Records to process:
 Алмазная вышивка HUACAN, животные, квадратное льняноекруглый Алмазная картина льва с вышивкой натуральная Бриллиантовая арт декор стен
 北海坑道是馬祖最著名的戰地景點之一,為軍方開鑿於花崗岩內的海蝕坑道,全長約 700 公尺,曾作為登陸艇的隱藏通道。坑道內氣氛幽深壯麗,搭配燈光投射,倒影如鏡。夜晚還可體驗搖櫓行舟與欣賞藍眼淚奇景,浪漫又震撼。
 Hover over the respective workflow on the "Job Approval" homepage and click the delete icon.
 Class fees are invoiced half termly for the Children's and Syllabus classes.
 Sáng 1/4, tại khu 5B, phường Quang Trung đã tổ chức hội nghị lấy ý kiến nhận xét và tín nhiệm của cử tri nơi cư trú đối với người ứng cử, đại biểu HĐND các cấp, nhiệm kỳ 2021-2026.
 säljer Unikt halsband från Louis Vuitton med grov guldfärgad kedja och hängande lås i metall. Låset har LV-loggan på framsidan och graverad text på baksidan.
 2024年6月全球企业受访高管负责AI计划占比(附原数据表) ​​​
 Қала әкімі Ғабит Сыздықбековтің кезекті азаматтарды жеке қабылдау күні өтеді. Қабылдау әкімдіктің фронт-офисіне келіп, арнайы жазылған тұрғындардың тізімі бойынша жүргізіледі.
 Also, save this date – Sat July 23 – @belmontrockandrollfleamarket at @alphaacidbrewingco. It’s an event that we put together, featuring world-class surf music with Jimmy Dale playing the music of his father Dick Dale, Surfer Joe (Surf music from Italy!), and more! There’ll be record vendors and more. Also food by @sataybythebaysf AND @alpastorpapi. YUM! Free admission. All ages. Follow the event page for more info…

Brief:
Return exactly, and only, the lines from the start of the listing through the line with "Class fees are".

Your response:
 Алмазная вышивка HUACAN, животные, квадратное льняноекруглый Алмазная картина льва с вышивкой натуральная Бриллиантовая арт декор стен
 北海坑道是馬祖最著名的戰地景點之一,為軍方開鑿於花崗岩內的海蝕坑道,全長約 700 公尺,曾作為登陸艇的隱藏通道。坑道內氣氛幽深壯麗,搭配燈光投射,倒影如鏡。夜晚還可體驗搖櫓行舟與欣賞藍眼淚奇景,浪漫又震撼。
 Hover over the respective workflow on the "Job Approval" homepage and click the delete icon.
 Class fees are invoiced half termly for the Children's and Syllabus classes.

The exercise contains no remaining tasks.